Could you please check with one of the common functionals if you get the
error, e.g. pbe? If you don't, then we know that the problem is within the
vdw-beef implementation which helps a lot.
Best regards
Ask
El 16/03/2015 11:31, "Yuriy Elesin" <yuel at topsoe.dk> escribió:
> Hi Ask,
>
> After updating to the latest trunk version of gpaw and ase the script
> works, but now instead of failing after 4-5 iterations, it fails after
> 20-70 iterations. It worked once out of about 8 runs. During that
> successful run it managed to converge after 74 iterations. The rest of the
> runs (running on 24-32 cores) it was reaching the tolerance of 1e-8 after
> some random 20-70 number of iterations.
>
> It appears that the error in atom positions on different cores increases
> over time and does not diffuse out. I do not know about Gpaw internal
> structure, but for MPI codes it might happen if part of the calculations
> are repeated on different MPI processes, and it is expected that the result
> of such duplicate calculation would be the same.
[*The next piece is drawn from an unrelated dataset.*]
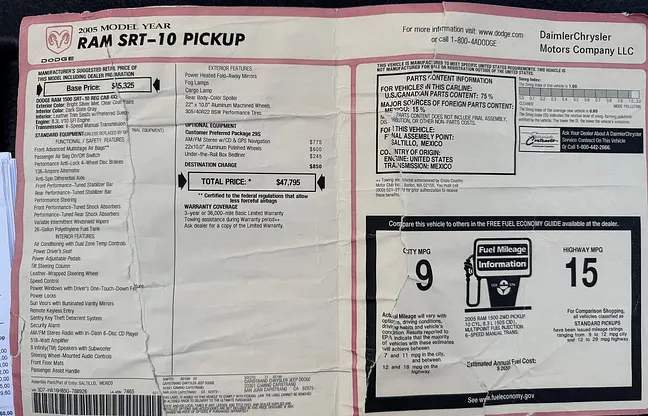 “En lågmilad SRT-10 i 100% originalskick, fin historik och utan modifieringar, ett perfekt exemplar för samlaren!”

If it is not the same (the
> reason might be different order of instruction execution) then it 1) might
> diffuse itself out if the problem if of diffusive type (or it is introduced
> artificially) or 2) accumulate the error if there is no natural physical
> diffusion in the problem and it is not introduced artificially.
>
> Again I do not know the internal structure of gpaw, but if the source of
> error is not clear, a solution might be is to introduce some artificial
> diffusion. E.g. all atom positions on different MPI ranks are averaged
> every now and then.
>
> Here is the input script:
> # ===========================================
> #!/usr/bin/env python
> from ase.io import read
> from ase.optimize import BFGS
> # from ase.data.molecules import molecule
> from ase import Atom,Atoms
> import numpy as np
> from ase.constraints import FixAtoms
> from gpaw import GPAW,FermiDirac, MixerSum
> from ase.visualize import view
> import ase.utils.geometry as geometry
>
> #read unit cell and positions
> atoms = read('dyn1.traj')
>
> # set and start calculator and optimizer
> calc =
> GPAW(xc='BEEF-vdW',kpts=[1,1,1],h=0.20,mixer=MixerSum(),spinpol=True,
> maxiter=300,occupations=FermiDirac(width=0.1),txt='gpaw.txt')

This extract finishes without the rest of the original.